Up to and including the line that contains "где индекс 0", write out every line of the entries exactly, beginning with the first. Omit the pictures.

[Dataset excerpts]
########

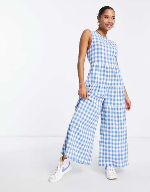 Blue gingham jumpsuit top
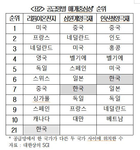 한국이 가장 많이 수출하는 삼원계 양극재의 경우 한국의 매개중심성은 전세계 7번째로 공급망 내 위상은 수출액에 비해 낮은 상황이다.
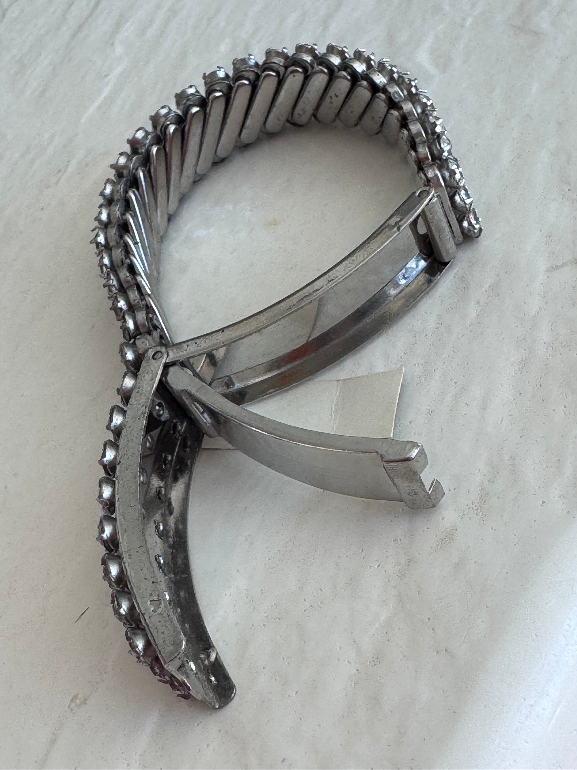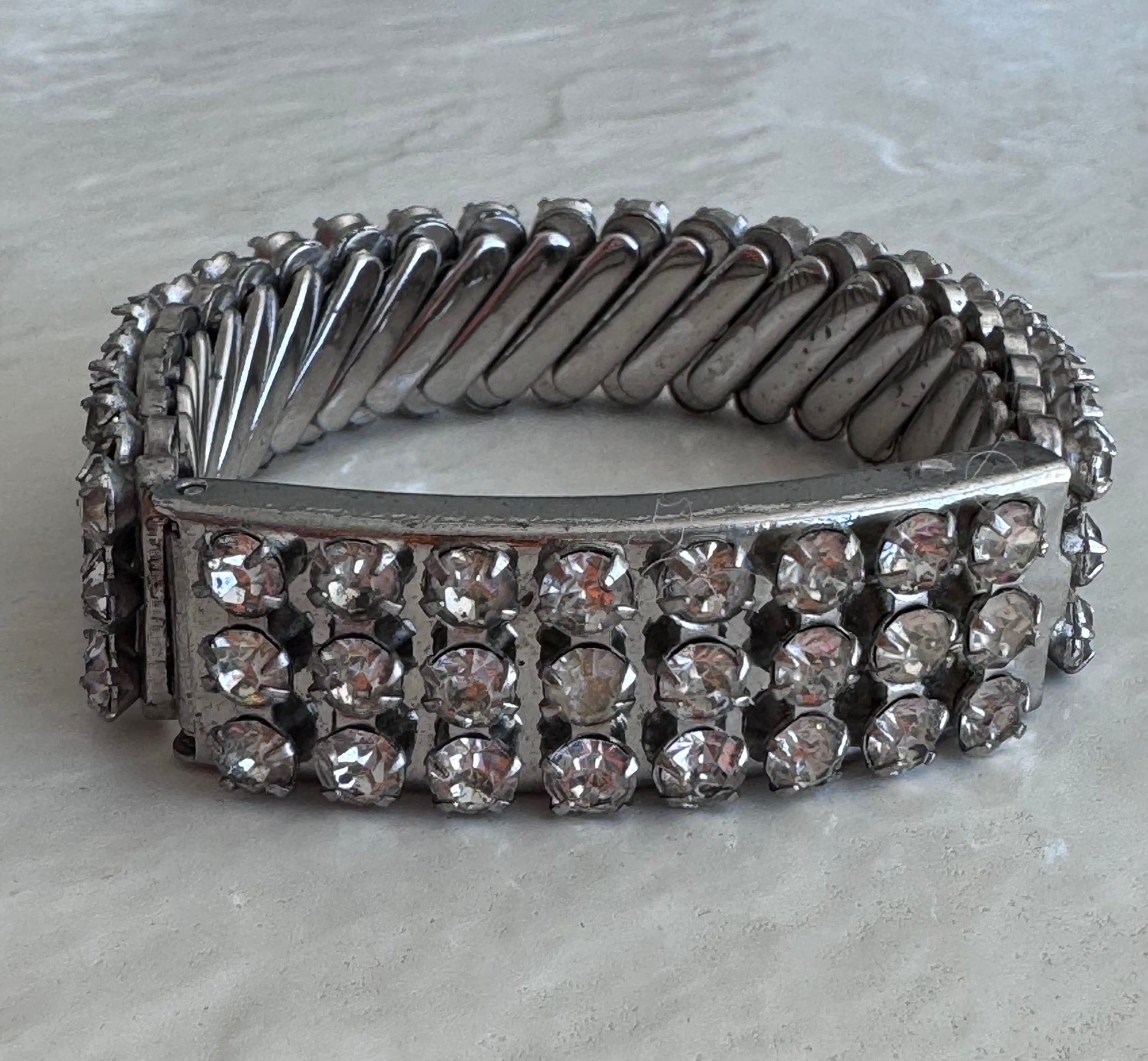 Condition: Vintage condition with excellent functionality. Rhinestones clear and secure in settings with beautiful sparkle. Expandable mechanism operates smoothly. Locket opens and closes properly. Original vintage photo included. Some minor age-appropriate patina on metal elements.
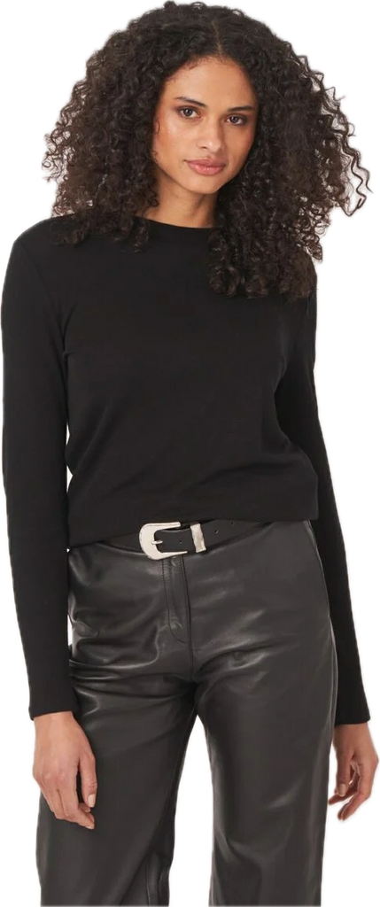Top Femme Côtelé — Laine Mélangée & Coupe Slim Jersey côtelé Mélange de laine Col rond Manches longues T-shirt légèrement cintré Soulignant la silhouette Lavage à la main, nettoyage à sec autorisé 55% Laine / 45% Viscose
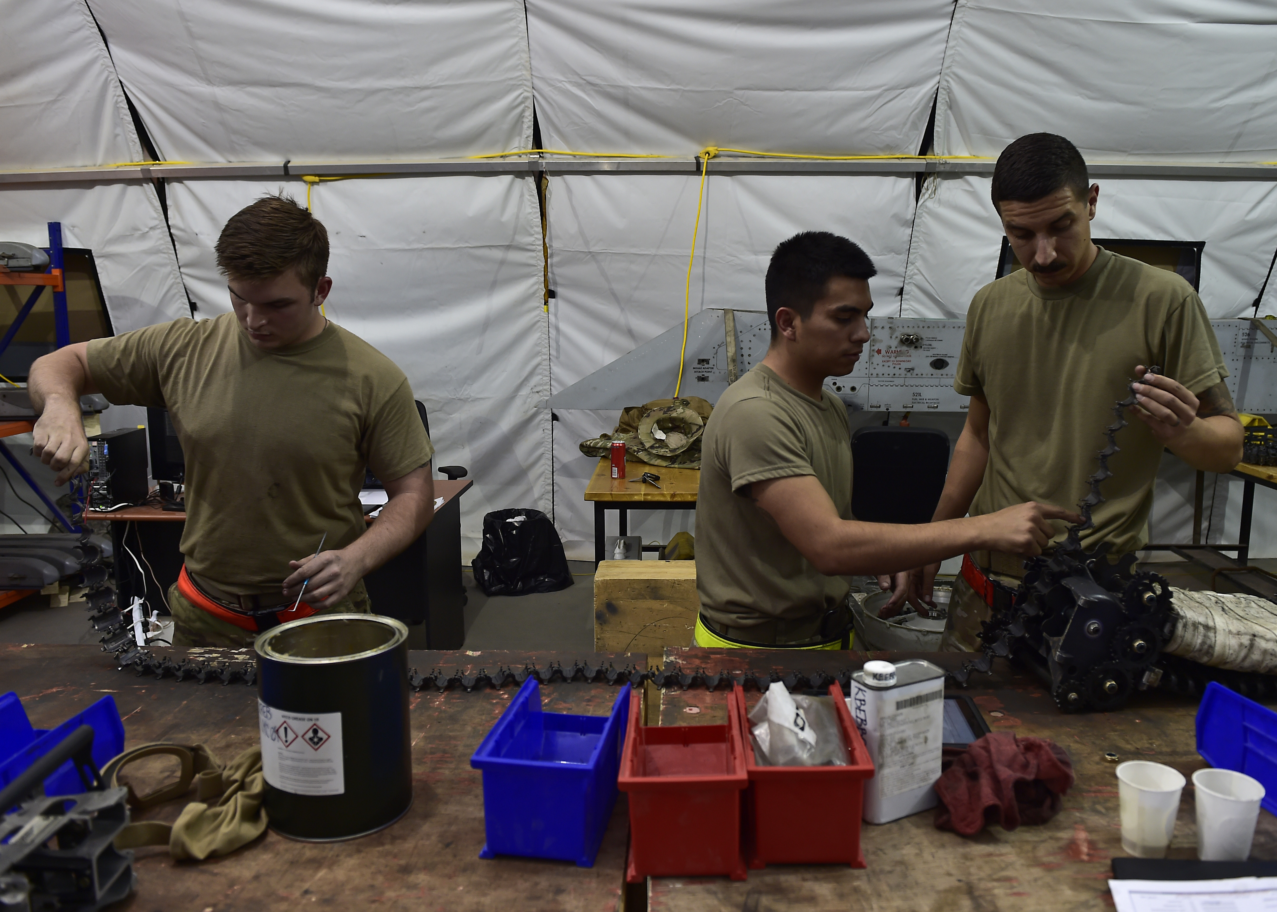 Airmen from the 378th Expeditionary Maintenance Squadron aircraft armament backshop conduct routine maintenance on a conveyer for an M61A1 20mm gun system for the F-15C Eagle at Prince Sultan Air Base, Kingdom of Saudi Arabia, Sept. 2, 2020. F-15C Eagles deployed to Prince Sultan Air Base provide air superiority in the region. (U.S. Air Force photo by Staff Sgt. Cary Smith)
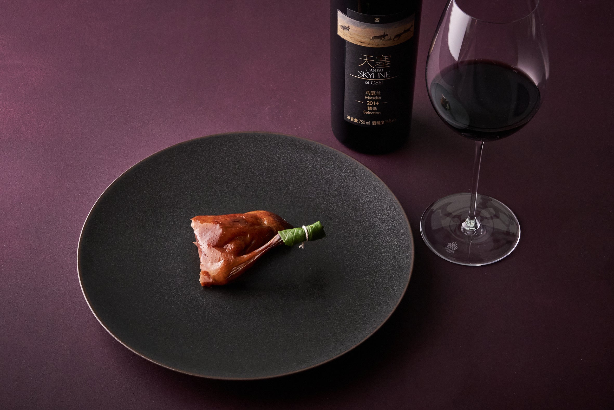 赤ワインのエキゾチックなスパイス香が、香り揚げのロースト香、オリエンタルスパイスと相乗して複雑な味わいを演出し、風味豊かな余韻を奏でます。鳩の風味と質感に、赤ワインのキメ細かなタンニンと熟成香が重なることで、見事な旨味と多重層な風味を感じさせてくれます。
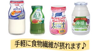 食物繊維を多く含む食品(ワカメ、切り干し大根、昆布、ごぼう、キャベツなど)を食事に追加したり、もっと手軽に!という方は、食物繊維入りの乳酸菌飲料や乳飲料はいかがですか?
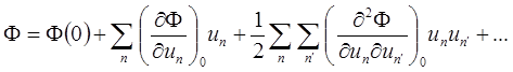 где индекс 0 указывает, что все ип положены равными нулю. Не ограничивая общности, полагаем потенциальную энергию основного состояния Ф(0) = 0. Так как значение ип = 0 соответствует равновесию системы, то
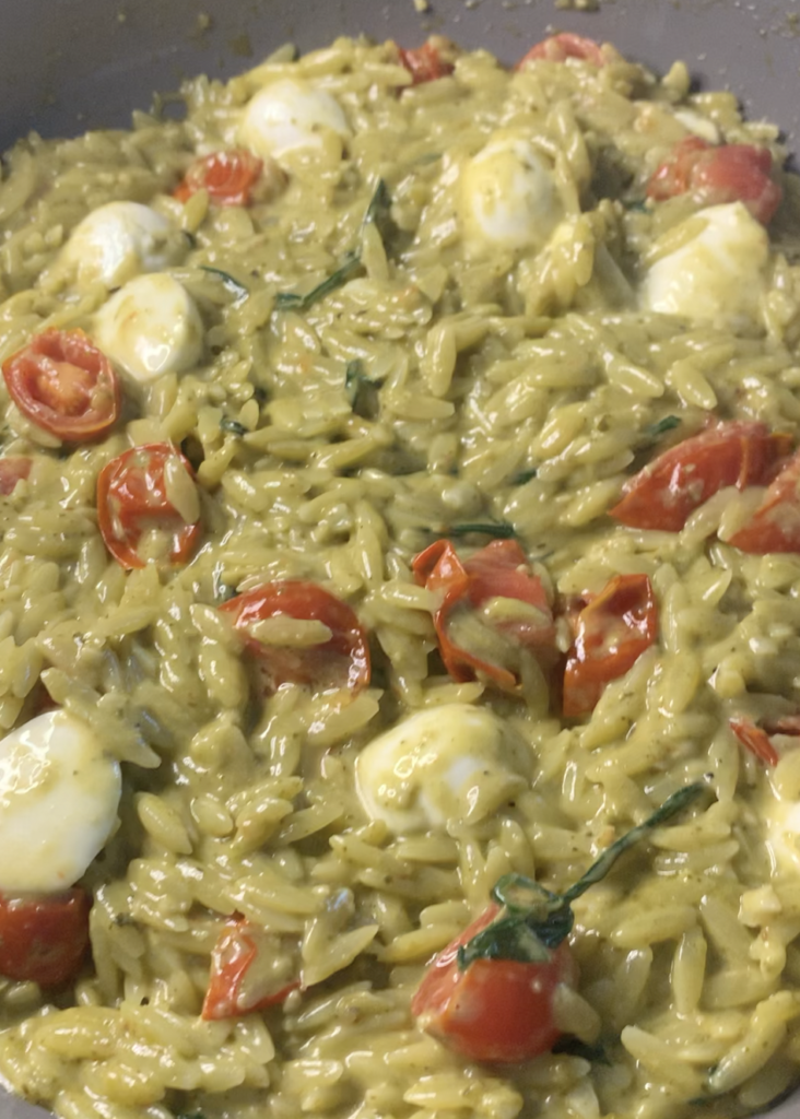 - Once the orzo is cooked and most of the liquid is absorbed, add the sliced cherry tomatoes and chiffonade fresh basil. Stir to combine. Mix in the basil pesto until well combined. Add the sliced fresh mozzarella balls. Stir to combine.
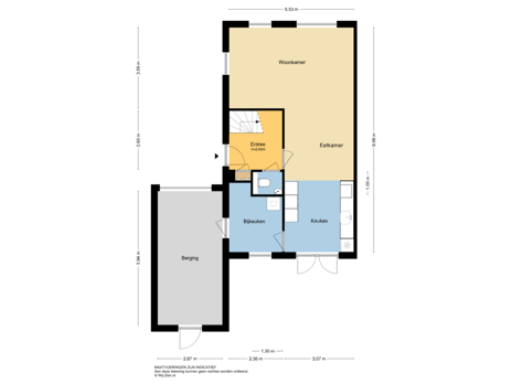 Zij-entree/hal met trapopgang naar de eerste verdieping, meterkast en toilet, toegang tot de L-vormige woonkamer met opstelplaats voor de keuken aan de tuinzijde en openslaande tuindeuren, vanuit de keuken toegang tot de bijkeuken met opstelplaats voor de wasapparatuur, unit warmtepomp met voorraadvat en toegang tot de garage welke is voorzien van openslaande garagedeuren en loopdeur naar de achtertuin.
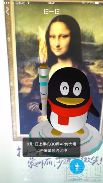 用戶可打開最新版手機QQ點擊“掃一掃-QQ-AR”掃描“蒙娜麗莎”,會出現一只滑翔傘AR企鵝,提示用戶趕緊參與火炬傳遞。
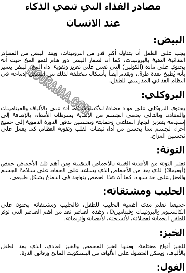• تعريف مبسط حول مصادر الغذاء التي تنمي الذكاء
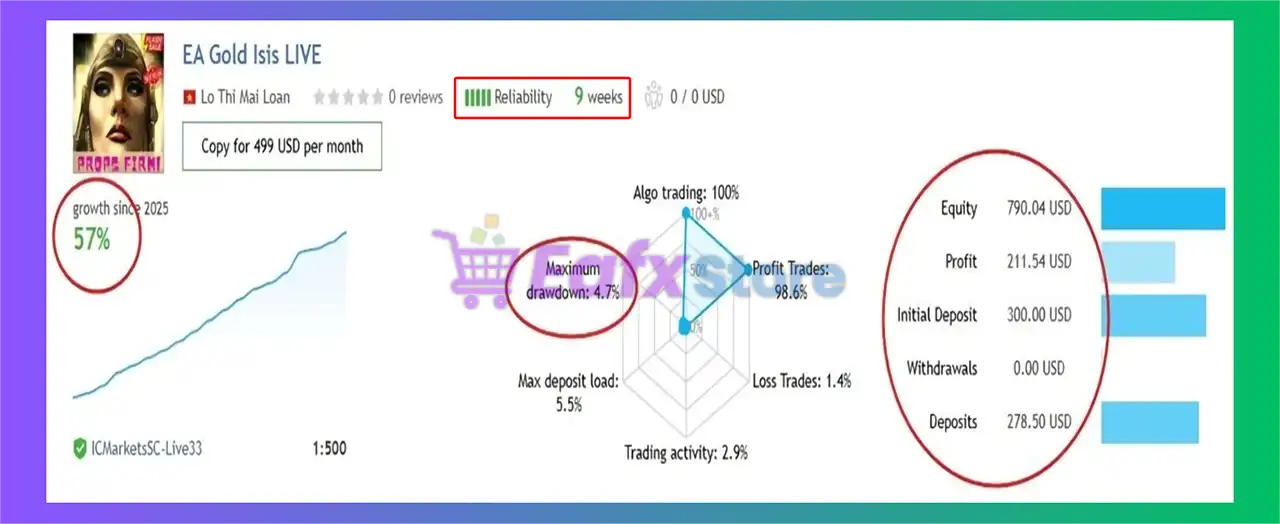 With a $300 deposit, it achieved +57% growth in 9 months, a 98.6% win rate, and only 4.7% drawdown.
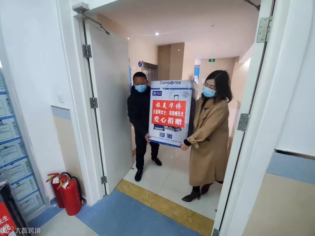 2020年2月10日山东鼎驰木业有限公司股东、美国嘉宝投资有限公司董事长司君峰先生委托张伟先生来到蓬莱市应急物资小组驻地,为防疫一线捐赠价值10万元的2200支N95口罩和350套防护服。
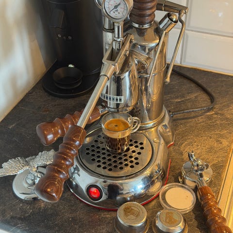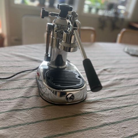 La Pavoni Professional 1,8 L.Espressomaskin i sølv. Maskinen har manuell betjening med spak, trykkmåler og avtagbar dryppskål. Egnet for tilberedning av espresso med finjustert kontroll over bryggeprosessen. Nettopp renover, perfekt fungerer maskin.

########

### SOLUTION TO THE EXERCISE
 Blue gingham jumpsuit top
 한국이 가장 많이 수출하는 삼원계 양극재의 경우 한국의 매개중심성은 전세계 7번째로 공급망 내 위상은 수출액에 비해 낮은 상황이다.
 Condition: Vintage condition with excellent functionality. Rhinestones clear and secure in settings with beautiful sparkle. Expandable mechanism operates smoothly. Locket opens and closes properly. Original vintage photo included. Some minor age-appropriate patina on metal elements.
Top Femme Côtelé — Laine Mélangée & Coupe Slim Jersey côtelé Mélange de laine Col rond Manches longues T-shirt légèrement cintré Soulignant la silhouette Lavage à la main, nettoyage à sec autorisé 55% Laine / 45% Viscose
 Airmen from the 378th Expeditionary Maintenance Squadron aircraft armament backshop conduct routine maintenance on a conveyer for an M61A1 20mm gun system for the F-15C Eagle at Prince Sultan Air Base, Kingdom of Saudi Arabia, Sept. 2, 2020. F-15C Eagles deployed to Prince Sultan Air Base provide air superiority in the region. (U.S. Air Force photo by Staff Sgt. Cary Smith)
 赤ワインのエキゾチックなスパイス香が、香り揚げのロースト香、オリエンタルスパイスと相乗して複雑な味わいを演出し、風味豊かな余韻を奏でます。鳩の風味と質感に、赤ワインのキメ細かなタンニンと熟成香が重なることで、見事な旨味と多重層な風味を感じさせてくれます。
 食物繊維を多く含む食品(ワカメ、切り干し大根、昆布、ごぼう、キャベツなど)を食事に追加したり、もっと手軽に!という方は、食物繊維入りの乳酸菌飲料や乳飲料はいかがですか?
 где индекс 0 указывает, что все ип положены равными нулю. Не ограничивая общности, полагаем потенциальную энергию основного состояния Ф(0) = 0. Так как значение ип = 0 соответствует равновесию системы, то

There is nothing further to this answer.